What is being asked: Please write out every entry below exactly, leaving out any pictures.

___ Records

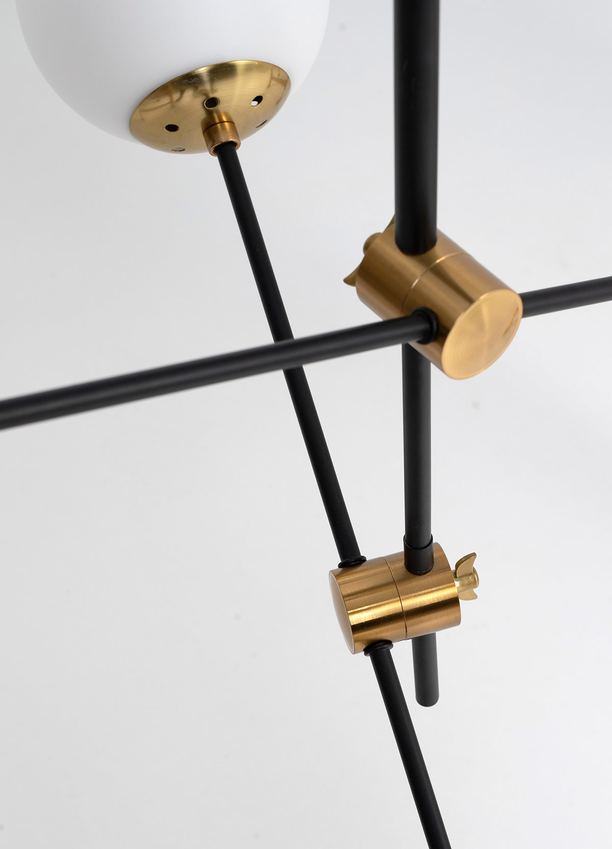 Lámpara techo metal negro, bolas cristal blancas. Medidas: 100*36*36 cm. Esta lámpara combina el metal y el cristal para dar el toque de pieza única que necesita cualquier estancia: desde un salón como luz de lectura, hasta la mesita de tu habitación. Recuerda limpiarlo con un paño húmedo y no usar productos químicos que puedan dañar sus materiales.
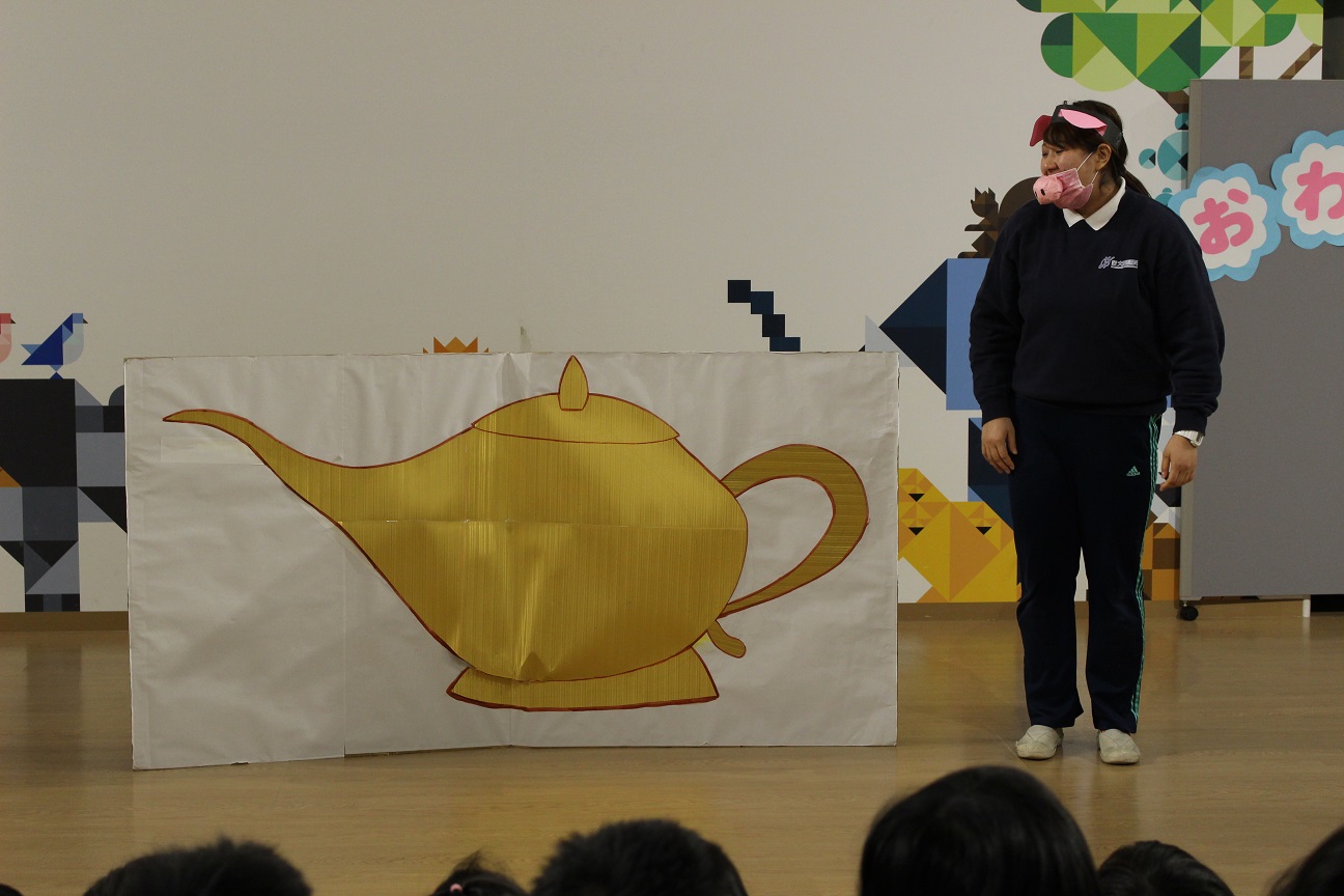 「おなかが空いたな~ あ!カレーを入れるポットと思ったら!魔法のランプだ!」
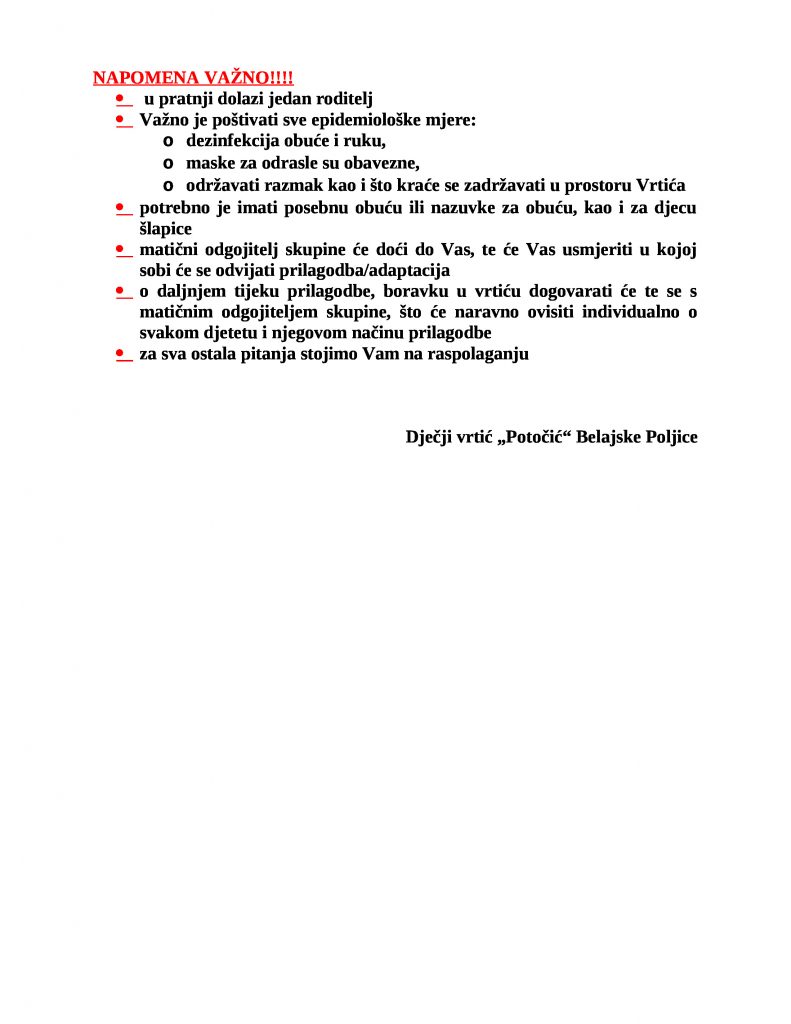 Raspored dolaska novoupisane djece u DV “Potočić” Belajske Poljice za vrijeme adaptacijskog perioda 30.8. i 31.8.2021.
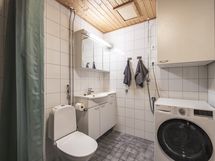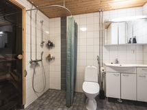 Pesutilojen varusteet: WC-istuin, suihku, pesukoneliitäntä, lattialämmitys ja peilikaappi.
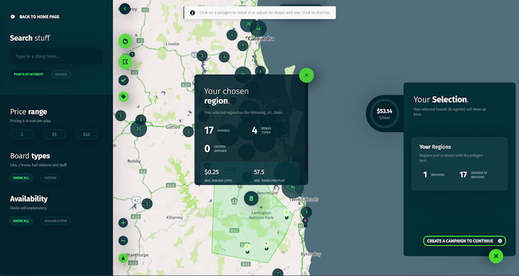 - Hand-pick the billboards or select a whole region by drawing on the map.
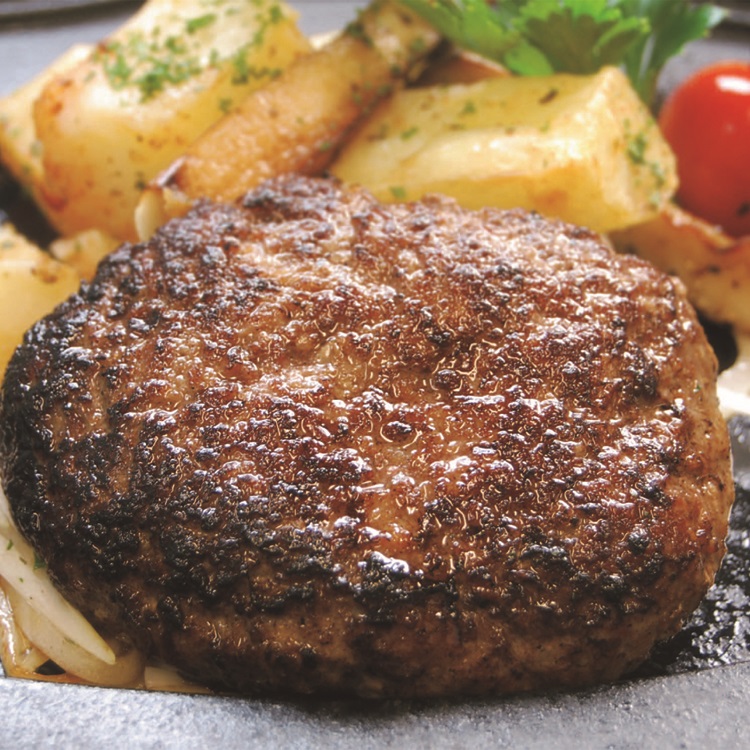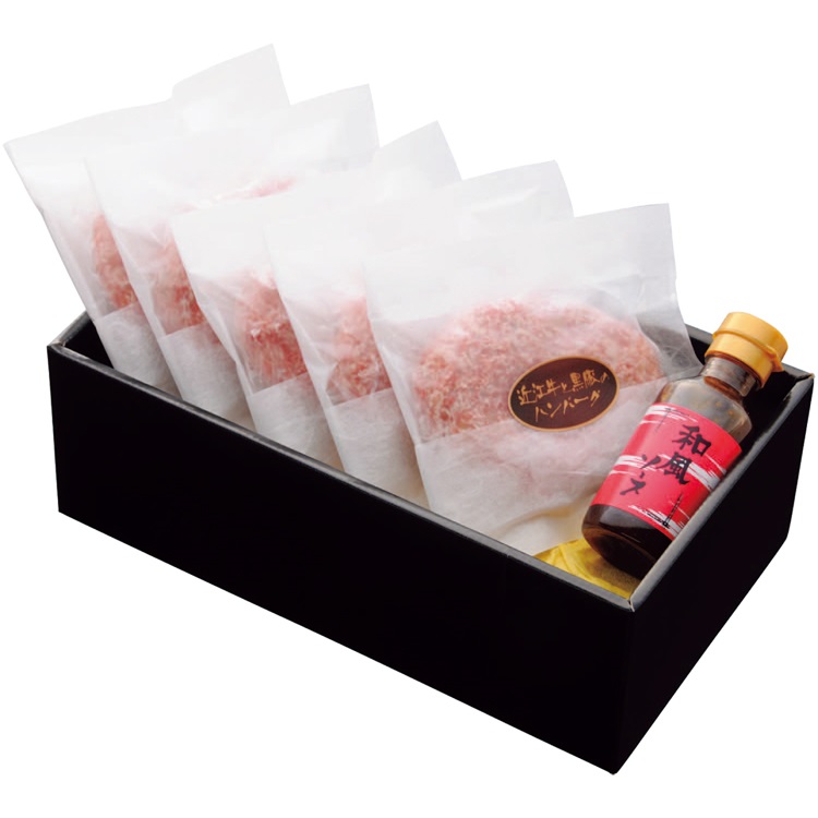 【商品特長】 日本三大和牛のひとつ近江牛と、鹿児島県産の黒豚を使用した、旨味たっぷりで肉汁溢れるジューシーなハンバーグです。

______

Answer section:
 Lámpara techo metal negro, bolas cristal blancas. Medidas: 100*36*36 cm. Esta lámpara combina el metal y el cristal para dar el toque de pieza única que necesita cualquier estancia: desde un salón como luz de lectura, hasta la mesita de tu habitación. Recuerda limpiarlo con un paño húmedo y no usar productos químicos que puedan dañar sus materiales.
 「おなかが空いたな~ あ!カレーを入れるポットと思ったら!魔法のランプだ!」
 Raspored dolaska novoupisane djece u DV “Potočić” Belajske Poljice za vrijeme adaptacijskog perioda 30.8. i 31.8.2021.
 Pesutilojen varusteet: WC-istuin, suihku, pesukoneliitäntä, lattialämmitys ja peilikaappi.
 - Hand-pick the billboards or select a whole region by drawing on the map.
 【商品特長】 日本三大和牛のひとつ近江牛と、鹿児島県産の黒豚を使用した、旨味たっぷりで肉汁溢れるジューシーなハンバーグです。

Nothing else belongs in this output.